One key property of torch tensors is that they have reference semantics. This is different from R, where objects usually have value semantics.

x <- torch_ones(2)
y <- x
y[1] <- 5
x # was modified
torch_tensor
 5
 1
[ CPUFloatType{2} ]

This differs from R, where objects typically have value semantics:

x <- c(1, 1)
y <- x
y[1] <- 5
x # was not modified
[1] 1 1
Note

Another notable exception to values semantics are R6 classes, which are used in the mlr3 ecosystem.

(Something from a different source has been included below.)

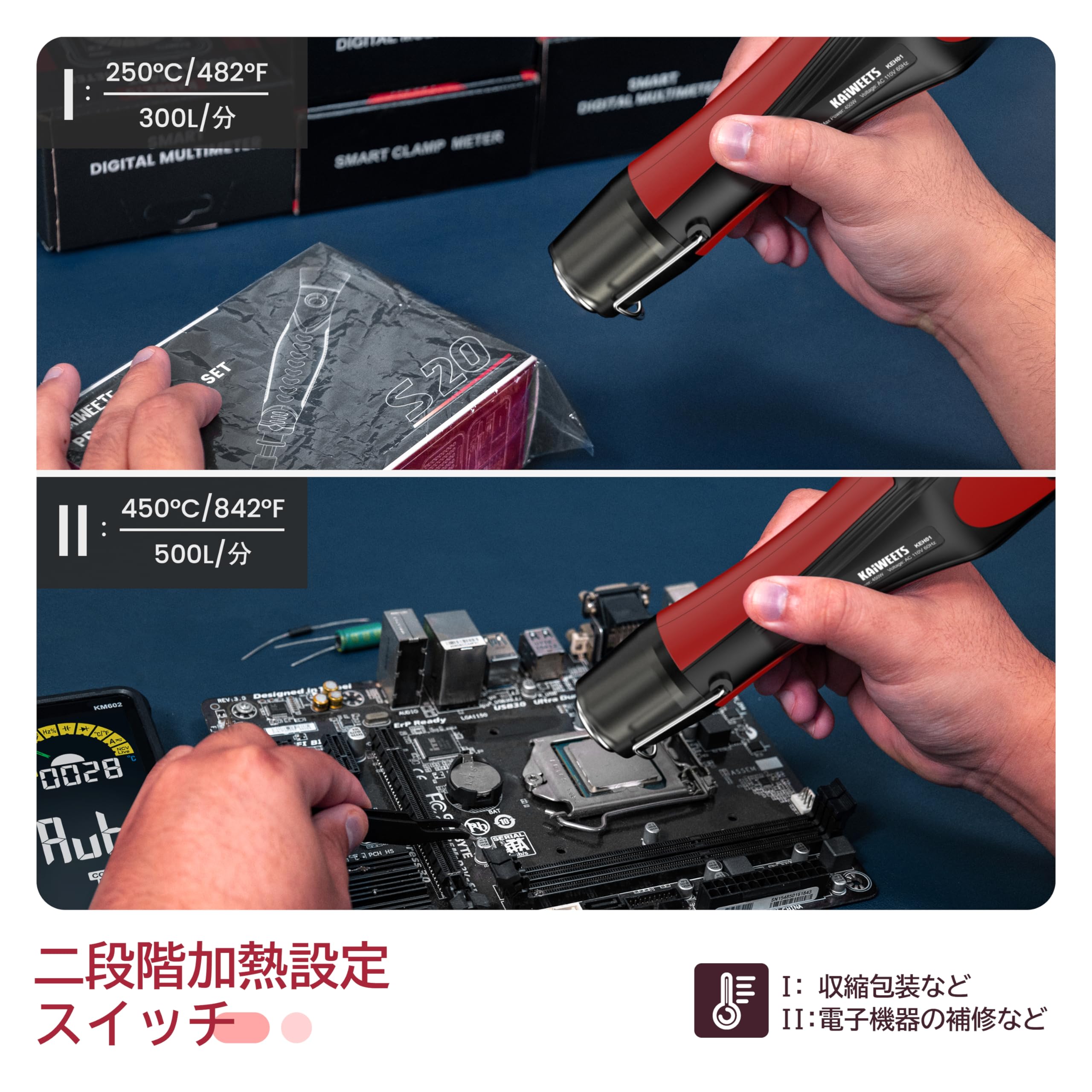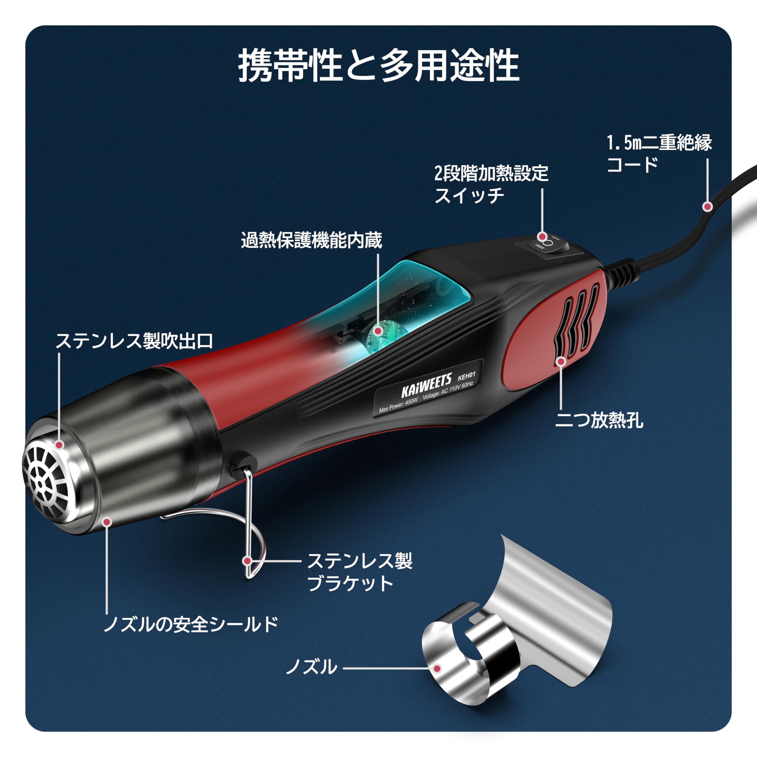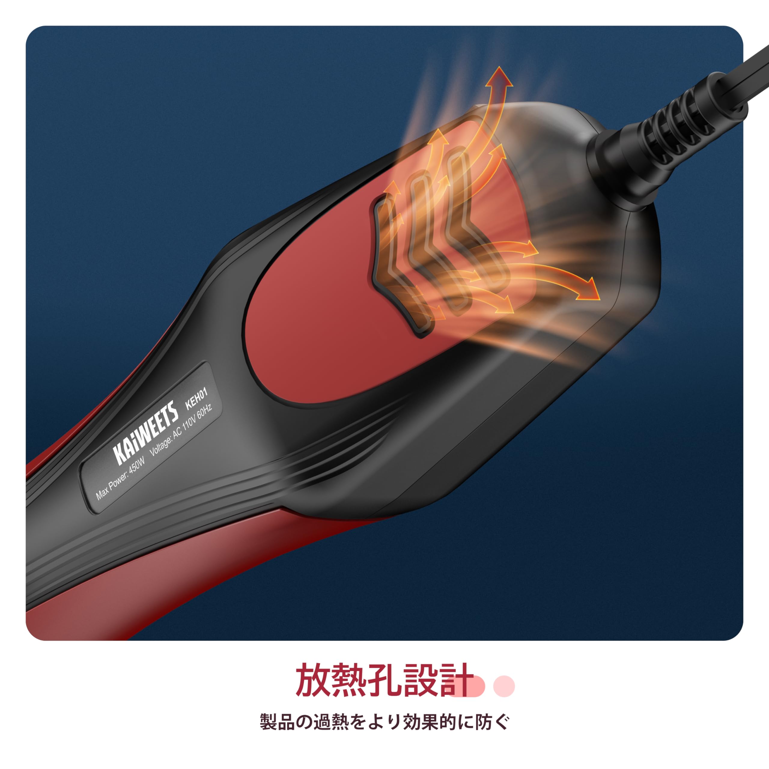 KAIWEETS 450W エンボスヒーター 小型ヒートガン 250℃-450℃ 2段階調温可能 急速加温 フェンダー曲げ 収縮チューブ シュリンク包装 塗装の乾燥 塩ビの溶接 補修 熱処理用ハンディ熱風機 ノズル付属
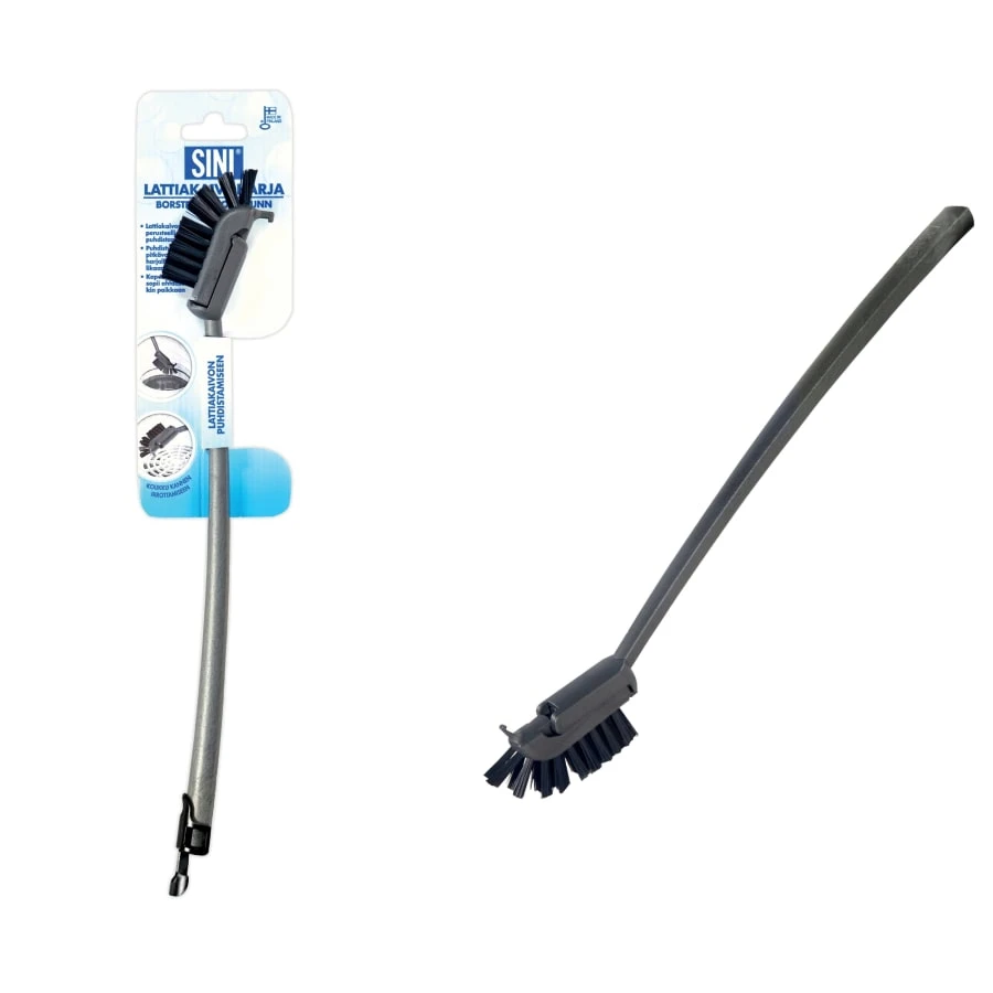 SINI Golvavloppsborste är speciellt framtagen för grundlig rengöring av golvbrunnar. Den smala borsten passar in i golvbrunnens urtag och tack vare det långa handtaget är rengöringen enkel utan att smutsa ner händerna. Det finns en krok i änden av borsten, som gör att du enkelt kan öppna locket till golvbrunnen. En hängare är fäst i handtaget på golvbrunnsborsten, från vilken borsten kan hängas luftigt och torrt efter sköljning. Hängaren kan tas loss från stammen om så önskas.

When one tensor (y) shares underlying data with another tensor (x), this is called a view. It is also possible to obtain a view on a subset of a tensor, e.g., via slicing:

x <- torch_arange(1, 10)
y <- x[1:3]
y[1] <- 100
x[1]
torch_tensor
100
[ CPUFloatType{} ]

Unfortunately, similar operations might sometimes create a view and sometimes allocate a new tensor. In the example below, we create a subset that is a non-contiguous sequence, and hence a new tensor is allocated:

x <- torch_arange(1, 10)
y <- x[c(1, 3, 5)]
y[1] <- 100
x[1]
torch_tensor
1
[ CPUFloatType{} ]

If it is important to create a copy of a vector, you can call the $clone() method:

x <- torch_arange(1, 3)
y <- x$clone()
y[1] <- 10
x[1] # is still 1
torch_tensor
1
[ CPUFloatType{} ]
Warning

This is also the case for the $reshape() methods from the last section, which will in some cases create a view and in other cases allocate a new tensor with the desired shape. If you want to ensure that you create a view on a tensor, you can use the $view() method, which will fail if the required view is not possible.

Quiz: Contiguous Data

Question 1: Reshaping a 2D Tensor

Consider the tensor below:

x1 <- torch_tensor(matrix(1:6, nrow = 2, byrow = FALSE))
x1
torch_tensor
 1  3  5
 2  4  6
[ CPULongType{2,3} ]

What is the result of x1$reshape(6), i.e., what are the first, second, …, sixth elements?

Click for answer This will result in (1, 3, 5, 2, 4, 6) because we (imagine that) first iterate over the rows and then the columns when “creating” the new tensor.